Zondo

JOHANNESBURG, SOUTH AFRICA – JANUARY 23: Deputy Chief Justice Raymond Zondo. Photo by Gallo Images/Sowetan/Veli Nhlapo)

State Capture Inquiry: Zondo to rule on Zuma recusal application

Former President Jacob Zuma has accused the state capture commission’s chairperson Raymond Zondo of being biased

Zondo

JOHANNESBURG, SOUTH AFRICA – JANUARY 23: Deputy Chief Justice Raymond Zondo. Photo by Gallo Images/Sowetan/Veli Nhlapo)

Deputy Chief Justice Raymond Zondo is expected to make a decision on his own fate as the chairperson of the State Capture Commission on Tuesday, 17 November 2020. Zondo is set to rule on an application brought forward by former president Jacob Zuma, to have him recuse himself from the inquiry.

The commission heard the application on Monday, 16 November – the day the former president was expected to return to the hot seat. Zuma’s lawyer, advocate Muzi Sikhakhane painted the proceedings as being determined to label his client as corrupt. He questioned why Zondo alone was presiding over the inquiry, given its scale.

“We have spoken about how this commission was formed. I am surprised a commission this big has one chairperson. It was a political blunder. It should not have been done,” he said.

Zuma lawyer: State capture witnesses have an axe to grind

Sikhakhane claimed most of the 34 witnesses who have implicated Zuma, at the very same commission, were only seeking to settle old scores.

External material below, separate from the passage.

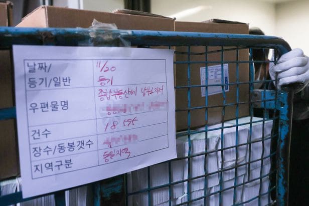 국세청이 종합부동산세 고지서 발송을 시작한 21일 오후 서울 성북구 국세청 우편물자동화센터에서 관계자가 종부세 고지서가 담긴 운반 수레를 옮기고 있다./연합뉴스
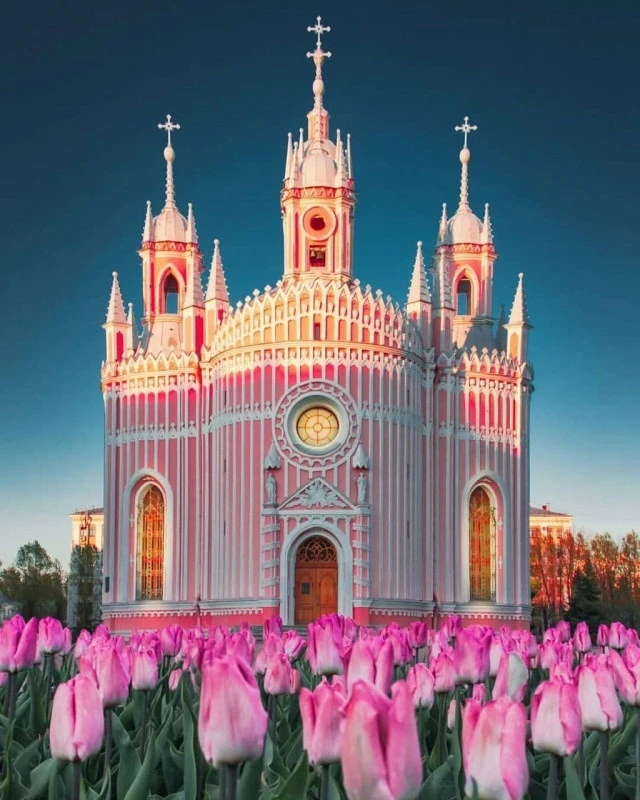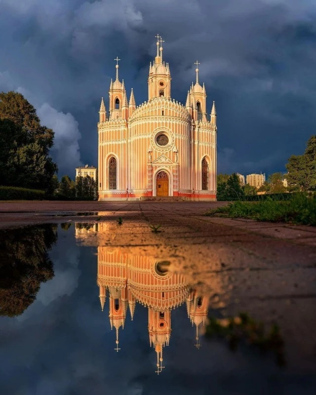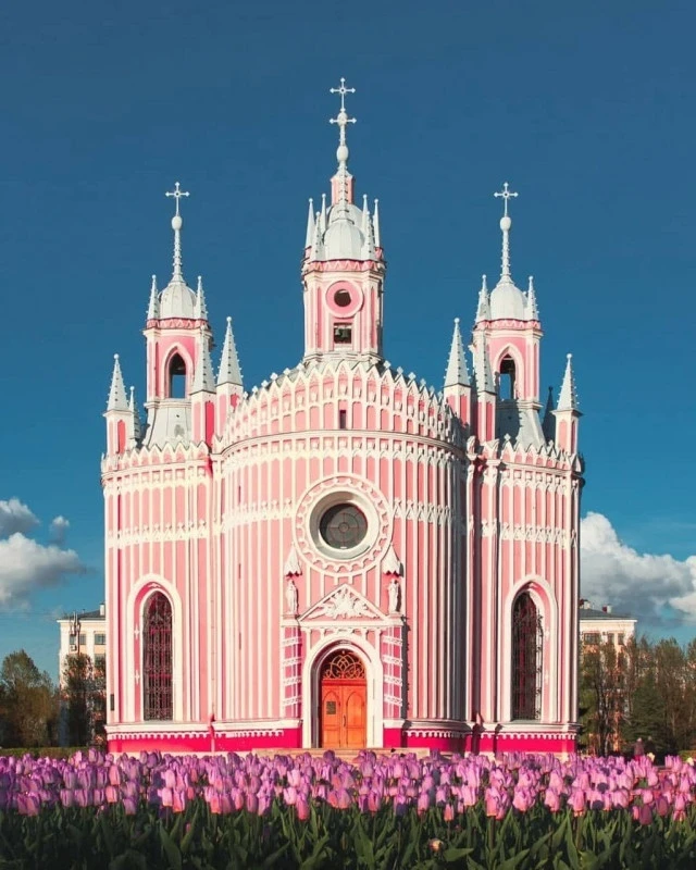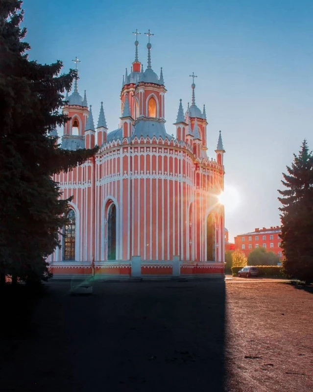Неподалеку от Московского проспекта, среди зданий сталинской эпохи и хрущевок, на небольшой площади перед нашим взором предстает бело-розовое чудо — изящная и легкая церковь в псевдоготическом стиле, с устремленными к небу остроконечными башенками и высокими стрельчатыми окнами.

“The first days of this commission we were listening to people [shouting] from rooftops telling us that they were not corrupt. This commission lined them up in a way that is not intellectual,” he said.

“They have an axe to grind with Mr Zuma because he fired them. If you look at them, the star witnesses … what they came to say is a particular narrative about Mr Zuma. That selection lined up people that truly had a gripe and an axe to grind with Mr Zuma.”

Sikhakhane further called out Zondo for making comments, which he said could be deemed as being subjective. He said Zondo was in a powerful position, presiding over the proceedings, and that his utterances might be misconstrued by witnesses.

“You are a very powerful man sitting there. Once you put a proposition and they assume the chair is with me here, that witness will lurch to what they say is your predisposition,” he said.

He has warned that Zuma may opt to not say anything, should Zondo not recuse himself.

“When this commission is reviewed, you [Zondo] will be criticised, not the agenda some people are pushing behind the scenes. I can bring him here and tell him to say nothing, and that is a stalemate I can do,” Sikhakhane said to Zondo.